On 1 December 2003, the applicant filed an application, No A272 of 2003, for special leave to appeal from the majority judgment of the Court of Criminal Appeal delivered on 7 November 2003 and from the sentence imposed on 18 November 2003. On 2 December, the applicant filed summonses seeking expedition of the hearing of both special leave applications.
In short, therefore, there are two special leave applications which have been filed, A268 and A272 of 2003. They attack the orders flowing from three distinct judgments. It is not necessary to say much at this stage about the merits of the application beyond the following. It is to be noted that in relation to the first two of the judgments which are challenged, Chief Justice Doyle dissented, giving detailed reasons. In the third, he dissented without reasons, but his dissent was, in a sense, consequential on the reasoning he had expressed in the first two judgments. Secondly, certain of the contentions advanced by the applicant are neither unarguable nor lacking in public importance.

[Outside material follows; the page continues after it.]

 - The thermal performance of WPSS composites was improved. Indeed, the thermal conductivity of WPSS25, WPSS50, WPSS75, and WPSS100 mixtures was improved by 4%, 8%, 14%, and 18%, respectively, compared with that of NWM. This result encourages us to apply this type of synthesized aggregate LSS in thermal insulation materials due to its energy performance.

The essential grounds for expedition which the applicant advances in his affidavit of 30 November 2003 are put thus. He has found the process of being inducted into gaol distressing and one which caused him to fear for his safety at the hands of other prisoners. While he feels more secure about his safety in F Division of the prison in which he is imprisoned than he did in the first week, which he spent in E Division, he does not want to run the risk of seeking bail pending appeal and, if the appeal process fails, being restored to E Division. He does not want any unnecessary repetition of the publicity which has attended his case so far.
If he remains in gaol until the appeal process concludes, he may have served “much of the sentence that has been imposed”, even if he is successful in obtaining special leave and winning the appeals. He said that, in his understanding, the special leave application “is unlikely to be heard for many months”. While noting, in passing, how lamentable it is that the applicant, like many other prisoners, appears to fear more the harm that may be inflicted on him by other prisoners than he does the punishment constituted by loss of liberty itself, it must be said that, from the applicant’s personal point of view, his desire for expedition is obviously understandable.

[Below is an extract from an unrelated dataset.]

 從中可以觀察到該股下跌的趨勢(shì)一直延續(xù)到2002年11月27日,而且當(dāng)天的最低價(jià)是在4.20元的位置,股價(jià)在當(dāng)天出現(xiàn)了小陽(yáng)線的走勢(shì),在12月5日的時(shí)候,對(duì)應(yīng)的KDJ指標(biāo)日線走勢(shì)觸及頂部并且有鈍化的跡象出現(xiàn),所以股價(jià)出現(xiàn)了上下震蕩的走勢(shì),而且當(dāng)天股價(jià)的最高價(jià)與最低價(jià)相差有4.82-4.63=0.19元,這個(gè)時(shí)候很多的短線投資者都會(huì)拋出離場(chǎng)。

The Solicitor‑General explained that, given the length of the applicant’s sentence, the South Australian Parole Board will have no discretion not to permit his release when the non‑parole period of 21 months ends. It is necessary to face the regrettable possibility, however, that the whole of the period will be served by the time the Court, acting at the ordinary pace at which it can conduct its affairs, in light of the pressure of all the other cases in the Court, will have heard the special leave application, will have heard the appeal there from and will have delivered a reserved judgment. The only stage of that process over which the Court has entire control, without displacing other cases by making expedition orders, is the last stage, and even that involves some delay being caused to other cases awaiting the finalisation of judgments.

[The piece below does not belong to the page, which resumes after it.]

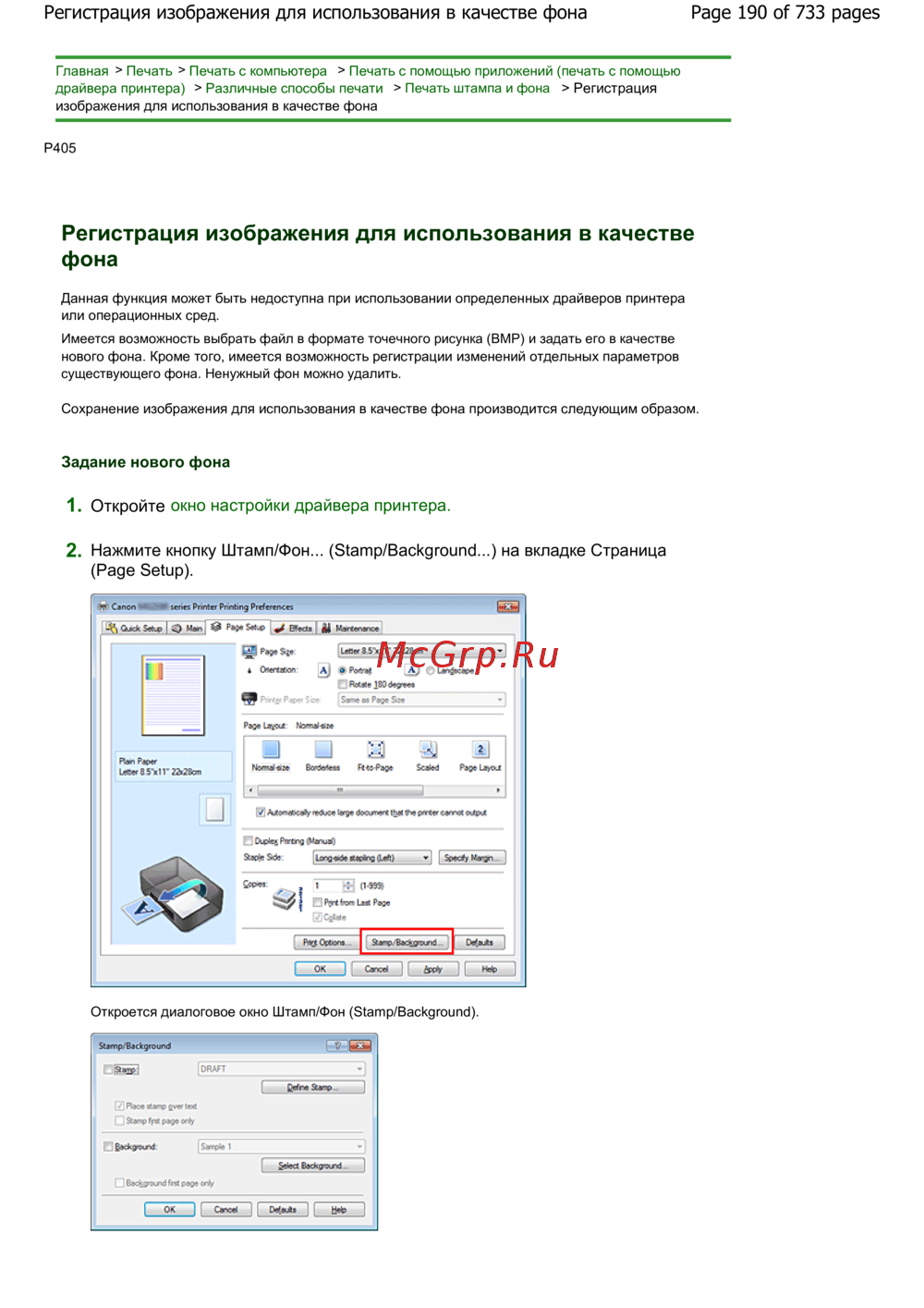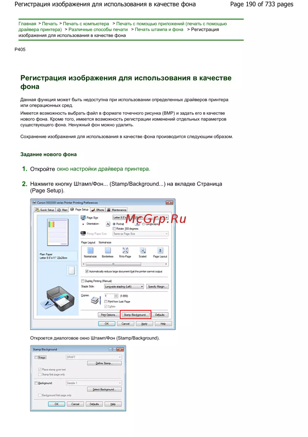 Узнайте, как зарегистрировать изображение в качестве фона для печати. Подробные инструкции по настройке драйвера принтера и изменению параметров фона.

In a nutshell, the applicant correctly contends that without some measure of expedition the entire appellate process will be wholly or at least very substantially futile. Neither of the respondents to the applications opposes the grant of expedition.
In an ideal world, all appeals would be heard very soon after the completion of the relevant trial. In particular, all criminal appeals would be heard very soon after the imposition of sentence. In an ideal world, accused persons complaining of the orders of intermediate courts of appeal would have applications for special leave to appeal and then the appeals themselves heard very quickly, so that if it turned out that they had been erroneously sentenced to imprisonment, as little as possible of the term of imprisonment which should not have been imposed is served.
The world of criminal litigation is far from ideal, however. In particular, it is far from ideal in this Court, because it is very difficult for this Court, given the demands on its time, to grant expedition of the order just described. It is almost always the case that applicants for special leave have filed the applications and that the applications are ready for hearing long before this Court is in a position to hear them, unless the applications are expedited.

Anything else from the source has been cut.